|Subject:||Re: [Discuss-gnuradio] Which blocks do you like?|
|Date:||Mon, 18 May 2015 09:52:26 +0200|
|User-agent:||Mozilla/5.0 (X11; Linux x86_64; rv:31.0) Gecko/20100101 Thunderbird/31.6.0|
I've looked about correlate_and_sync method(are you speaking about it,isn't it?)Pretty much, yeah :)
here the problem is not only data outgoing from the block,but relative tags.also because for the moment I'm not supporting tags on the flow above CUDA.If u have good idea about how manage them,feel free to speak.I don't know exactly what your blocks look like, but assuming you take a gr::sync_block and let it handle the whole CUDA thing, GNU Radio would automatically make this work.
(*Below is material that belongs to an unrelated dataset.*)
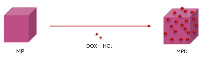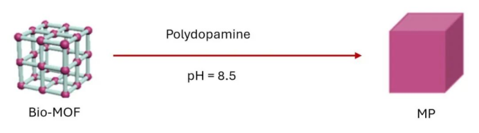 该研究通过溶剂热法合成Bio-MOF:Zn(OAc)2·2H2O与姜黄素(Cur)在乙醇和N,N′-二甲基乙酰胺混合溶液中溶解后,于120℃反应48小时,所得固体经DMF洗涤并真空干燥。随后通过多巴胺包覆形成MP,再以透明质酸(HA)修饰得到MPH,最后将阿霉素(DOX)负载于多巴胺包覆结构中,并经HA包覆制得MPDH粒子。

If you instead have a block that "sends" data to the CUDA GPU (a sink from GNU Radio's perspective), and another one that "receives" data from CUDA (a source from the perspective of GNU Radio), you could simply get_tags_in_range on the sink block, take these tags, and send them as message to your source block (before you start the CUDA processing). You would then write a message handler in your source block which just takes these tags and does add_item_tag to each of them.
If you want to add tags by detecting things in CUDA, that'll be a bit more complicated, and sounds like your CUDA threads would need to coordinate with a lot of barriers to write the index of a tag you want to add into a specific memory position... I don't know how effective that would be compared to doing the same on a GHz CPU.
I agree, relying on the signal to limit execution of this loop feels a bit "dangerous", but I also agree that as long as your "known symbol" has a sane shape, this won't be a problem. The problem is that this is indeed a bit of a CPU-hungry bit of code, so every additional condition might slow things down; I think it should be possible to come up with a nearly-as-effective implementation that is more secure, but I can't think of one right now. Any hints?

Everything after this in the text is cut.